The “pushing” of the value up and “pulling” of the value down stretches the market above and below the true price. Bettors who can spot the difference are able to squeeze out considerable value in their wagers.
Push and pull spots are most frequently created by accumulating perception. It is not a stretch to say that teams performing above average and winning will draw more money and attention than teams performing below average and losing, but the important thing to evaluate in push and pull spots is the odds movements in prior games.If that makes sense to you, then you are a better person than me. Then the writer falls into the "Nordsted Nonsense" trap by looking for a signal where there is just noise:
A good place to start looking for market precedence is in recent matchups between the two teams during the same season. Each price in a betting market is initially set based off of a bookmakers’ rating.Teams change all the time, and even if identical line-ups faced each other a week apart at the same location, I doubt that the prices would be the same for the simple reason that we have more data to use prior to the second game.
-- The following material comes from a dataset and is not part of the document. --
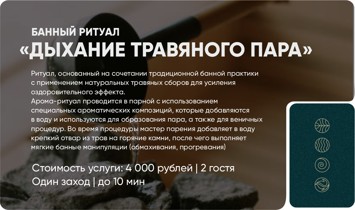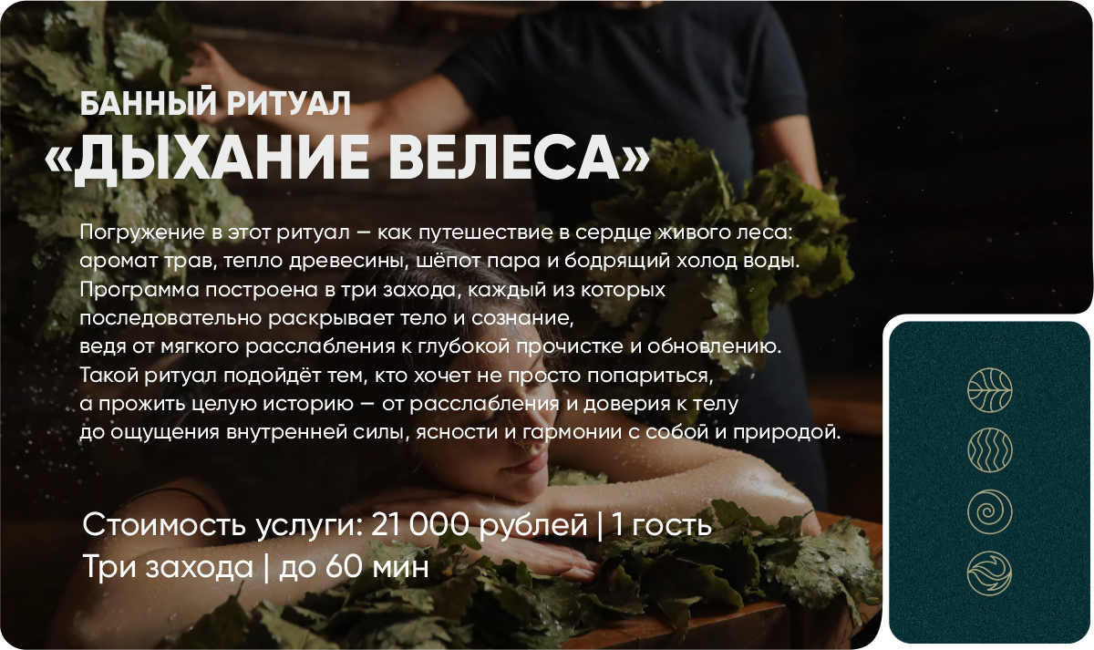 Каждая программа собрана как цельная система: последовательность заходов, выбор веников, работа мастера, контраст, ароматерапия — всё имеет свою функцию и работает на результат.

Unless there are critical injuries or major adjustments within the team, the odds between two matchups of the same team should be the same price with the difference of venue change and home field advantage.
The ratings / goal scoring expectancies for the teams will have changed. The days of looking at form and thinking WWWWWW is automatically better than LLLLLL are gone, or should be. If those Ws are from games against the likes of Huddersfield Town and the Ls against the likes of Manchester City and Liverpool, the team with the Ls might well be favoured. The writer completely misses this rather important fact, suggesting that:
Bettors should start by seeking out static prices in the betting market. An evaluation of the past five to seven matches should be done to see if one team is producing winning results while the other is producing losing results – remember to look for extreme streaks only.Good luck with that strategy. You'll need it, and teams don't "produce winning / losing results" - teams are simply winning or losing.
Following the 'advice' in either of these 'articles' will however, result in the production of non-positively oriented outcomes in the sub-zero range. Whoever is approving these 'articles' for release needs to start reading them first.